Five years ago, would you have thought Apple (NASD: AAPL) would be over $400 a share? Four years ago, would you have thought Priceline (NASD: PCLN) would be over $500 a share? Three years ago, would you have thought Las Vegas Sands (NYSE: LVS) would be $44 a share (was trading around $1.32 a share)? Two years ago, would you have thought the Dow Jones Industrial Average would be close to 13,000? One year ago, would you believe that the biggest solar energy company in the world, First Solar (NASD: FSLR), would go from $175 to $29?
The market is full of surprises; some good and some bad. During the Great Depression in the early 20th century, the Dow Jones Industrial Average (DJIA) was in the 100s. Today, it has been as high as 14,000. Do you think early in the decade people thought the DJIA could go from somewhere in the hundreds to somewhere in the 10,000s? That is an unfathomable leap!

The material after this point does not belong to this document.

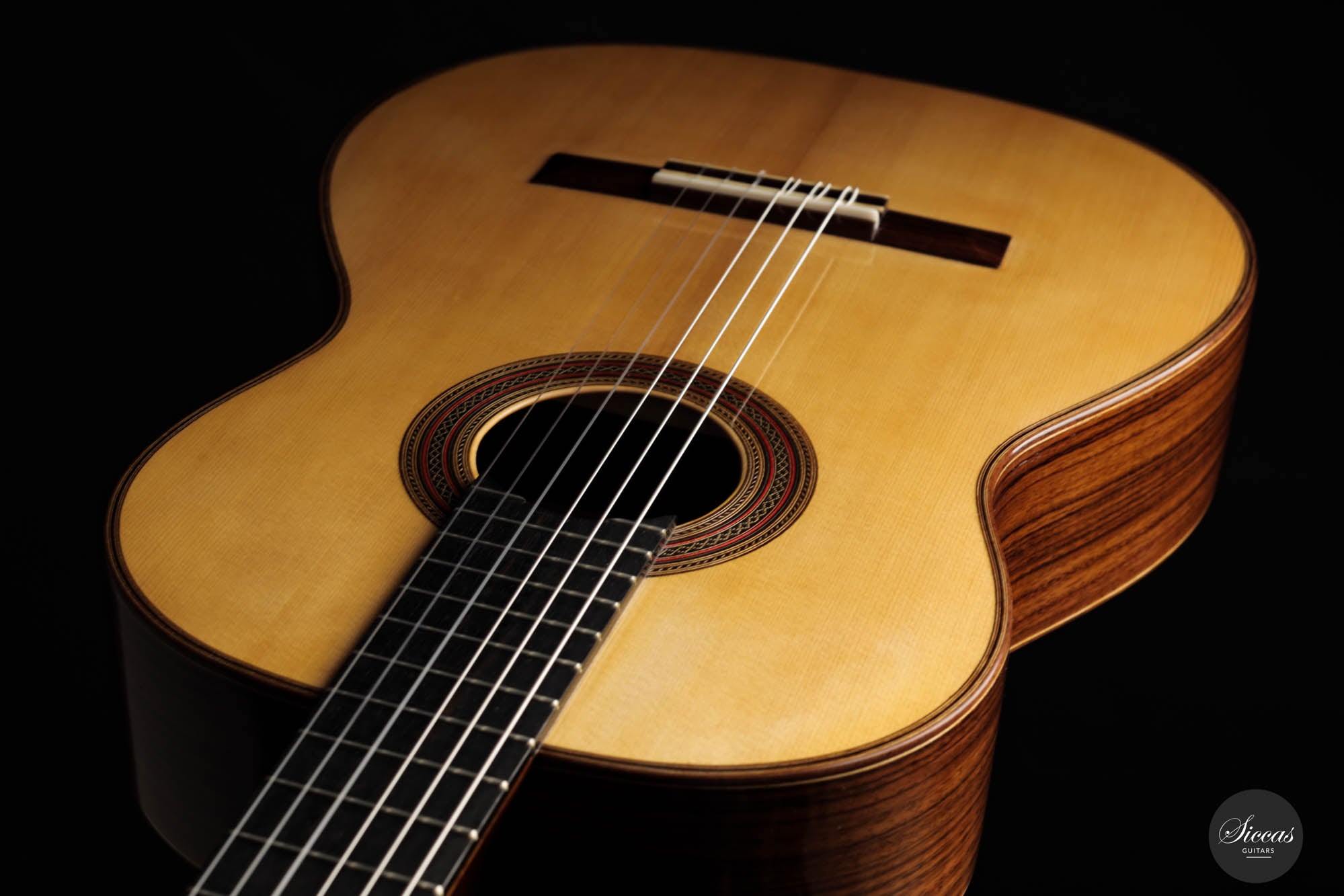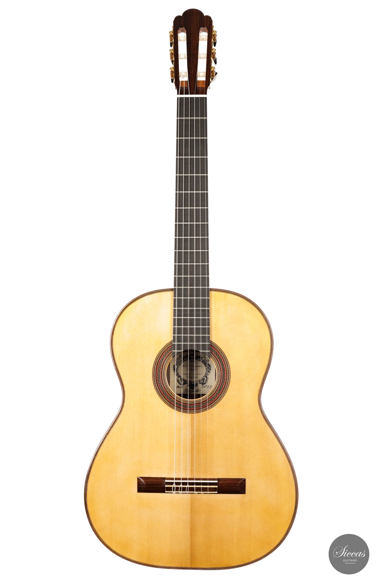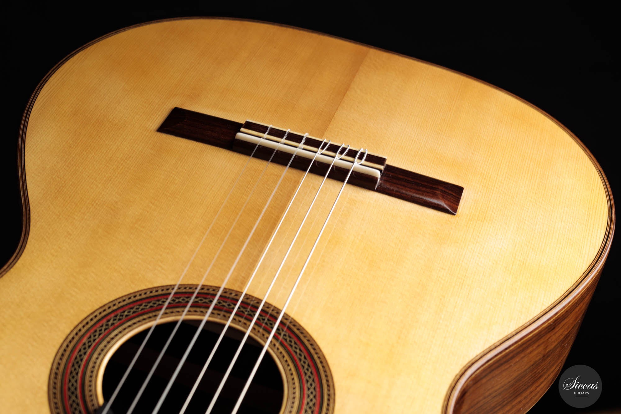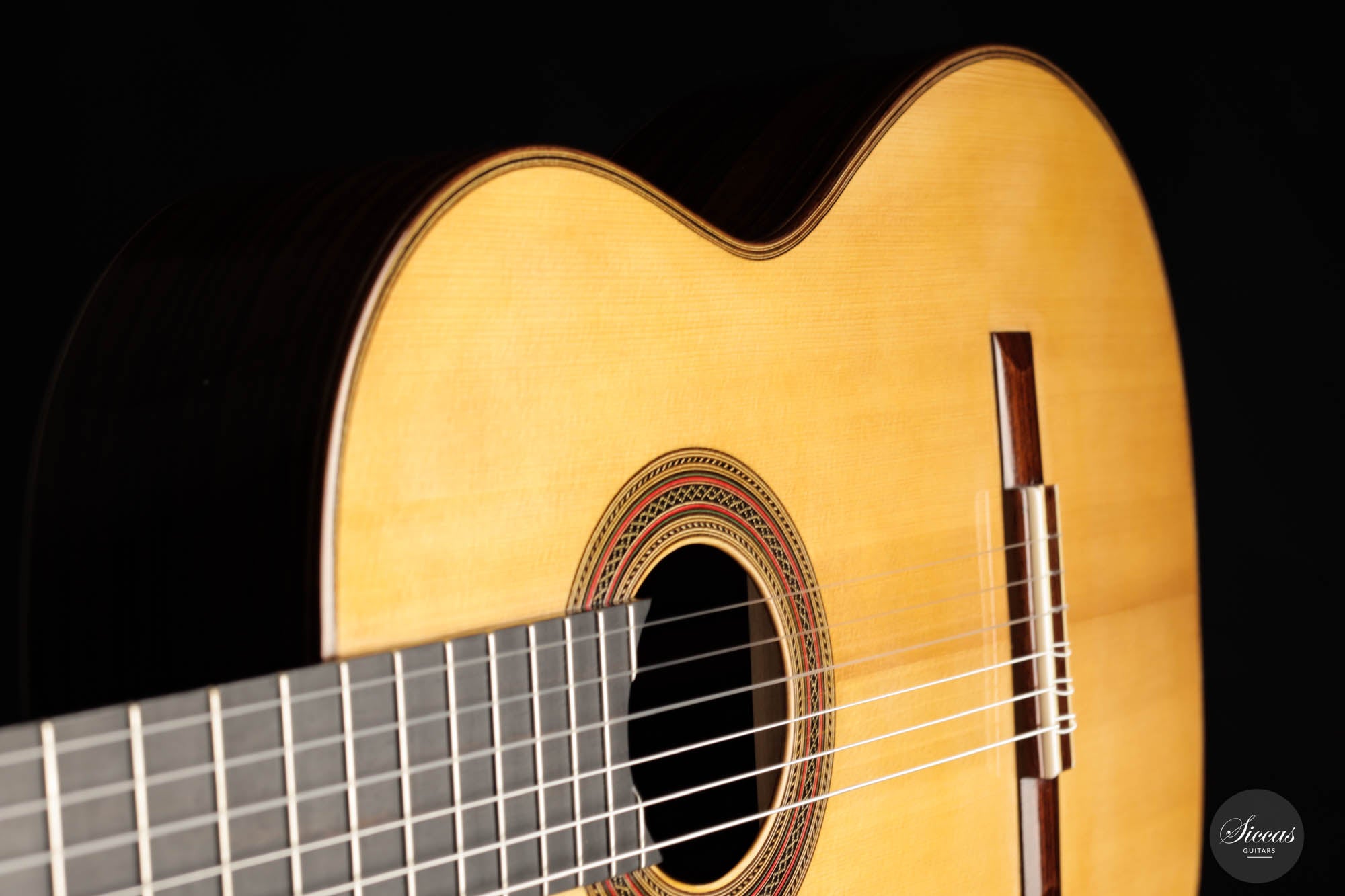 Discover the auditory finesse of the 2023 Karl-Hermann Schäfer guitar. Constructed with a spruce soundboard paired with Indian rosewood for the back and sides, this guitar embodies an exceptional blend of materials meticulously chosen to perfect the sound quality. From an acoustical standpoint, the 2023 Karl-Hermann Schäfer guitar exhibits a complexity, depth, and elegance synonymous with high-end musical instruments. Its sonorous bass notes resonate deeply, while the treble tones present a smooth, clear, and expansive sound. The instrument's construction imbues it with an intriguing and inspiring aura, an inherent quality that, coupled with its prolonged sustain, distinguishes it from its contemporaries. This guitar is not just an instrument; it is a testament to the enduring legacy of fine craftsmanship and sonic excellence.

Will the market be 27,000 in the next 10 years? Will there be another boom like the tech boom in the late 1990s? Will there be another round of companies that redefine the world, as we know it today? The social media companies such as Facebook have done a good job of making that transition, but the IPO (Initial Public Offering) market has not responded in the way it did during the tech boom. In the late 1990s it was almost guaranteed that if your company IPOed, it was going up 50% or more. This year was the largest IPO year since 2000 and most of them have tumbled horribly. Examples include Linkedin (NYSE: LNKD) $122 to $65, Groupon (NASD: GRPN) $31-$20, Zillow (NASD: Z) $60-$22, and Pandora (NASD: P) $26-$9 just to name a few.
To infinity and beyond looked reasonable back in the 1920s. Is exponential growth still possible? In five years will McDonald’s be $200 a share? Will IBM be $300 a share? Will the good stuff just keep going up or has the money been made? Is the Dow reaching over 20,000 a long shot or is it inevitable?